I optimize lambda by 10 fold cross validation with the glmnet package in R. But the results are terrible, as the model tends to assign all test samples to only a single class.
Is it simply the wrong kind of model for this dataset?
Predicting with imbalanced classes can be a very difficult problem to solve. Thankfully, there is a huge bibliography on how to solve such problems. There is a particular one that worked really well for me. It involves using up-sampling and/or down-sampling techniques:
down-sampling: randomly subset all the classes in the training set so that their class frequencies match the least prevalent class. For example, suppose that 80% of the training set samples are the first class and the remaining 20% are in the second class. Down-sampling would randomly sample the first class to be the same size as the second class (so that only 40% of the total training set is used to fit the model). caret contains a function (downSample) to do this.

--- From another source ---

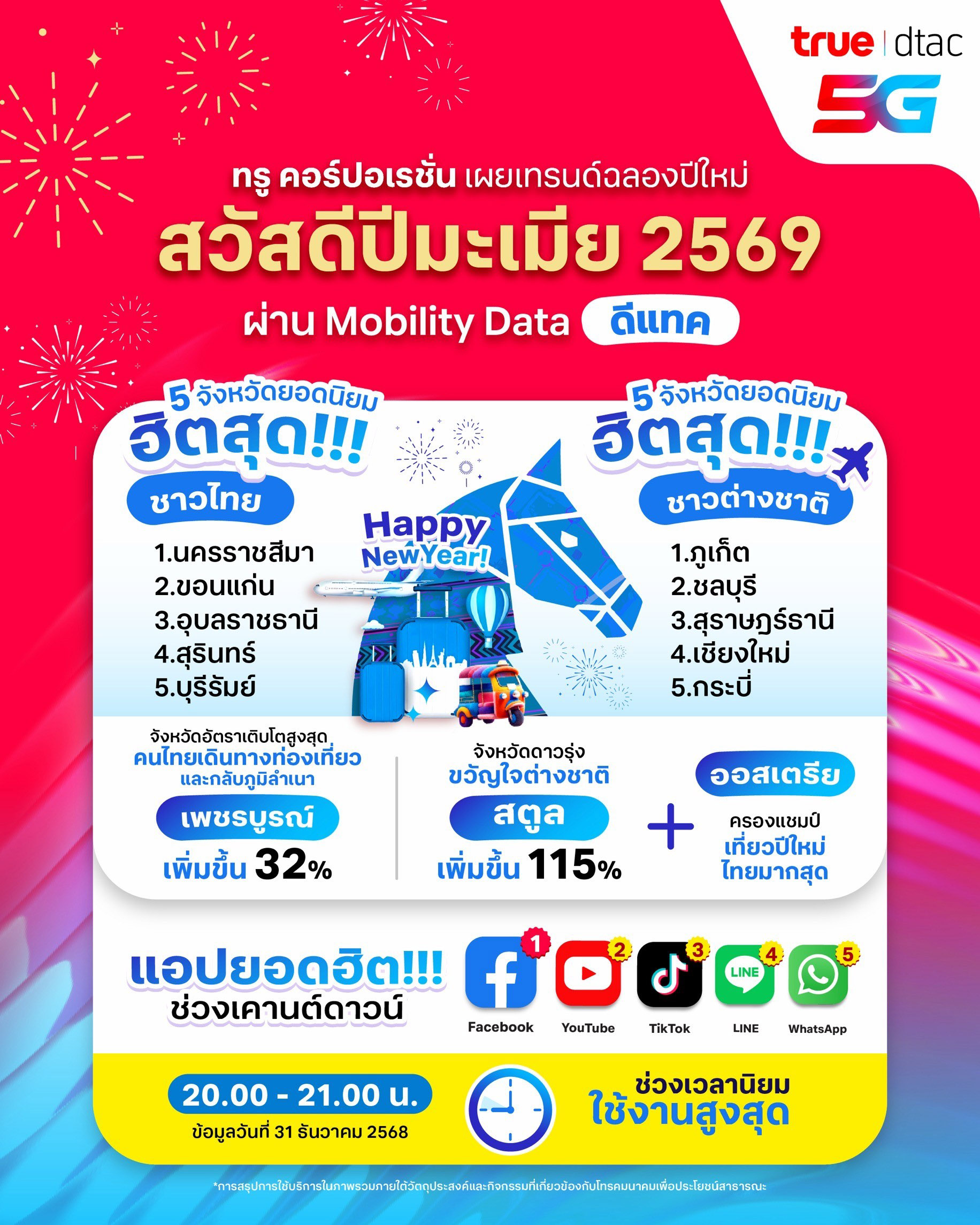 นอกจากนี้ ทรู คอร์ปอเรชั่น ได้รายงาน 5 จังหวัดท่องเที่ยวยอดนิยมของคนไทยและต่างชาติจาก Mobility Data พร้อมเผย 5 แอปพลิเคชันยอดฮิต ที่ครองการใช้งานทั้งมือถือและเน็ตบ้านในคืนข้ามปี ขณะที่แอปทรูไอดี (TrueID) มียอดผู้ใช้งานรวมในช่วงเทศกาลเพิ่มขึ้นราว 110% เมื่อเทียบกับช่วงปกติ สะท้อนบทบาทการใช้งานและความนิยมคอนเทนต์วิดีโอและเอนเตอร์เทนเมนต์ในช่วงเวลาส่งท้ายปีเก่าต้อนรับปีใหม่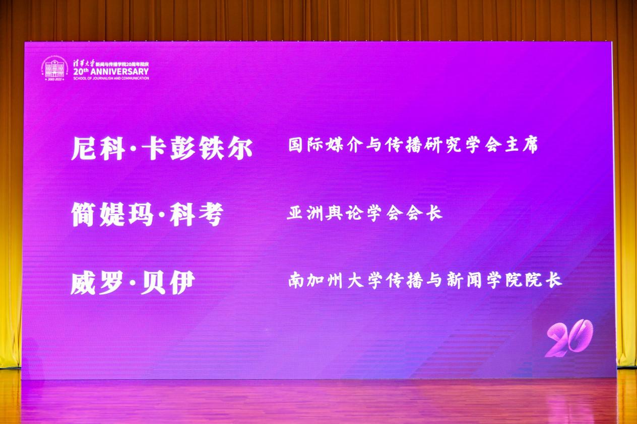 新闻与传播学院党委书记胡钰主持会议。他介绍,二十年来,学院始终坚持内涵式高质量发展,以马克思主义新闻观为指导,以高水平的学科建设成果展示了独具魅力的“清新”风采,学院立足自身优势,推动中国特色新闻学、视听传播与创意媒体、新媒体传播与科技应用传播、传媒管理与经济传播、国际传播与全球治理形成国际顶尖学术成果,探索中国特色、清华风格的新闻传播教育,凝聚新闻传播领域的“清华学派”。

up-sampling: randomly sample (with replacement) the minority class to be the same size as the majority class. caret contains a function (upSample) to do this.
hybrid methods: techniques such as SMOTE and ROSE down-sample the majority class and synthesize new data points in the minority class. There are two packages (DMwR and ROSE) that implement these procedures.
I took the above bullet points from this caret's documentation. The post contains examples about each one of the above bullet points and R code. You should be able to use a Lasso logistic regression and have better results after you have transformed your data based on the above techniques.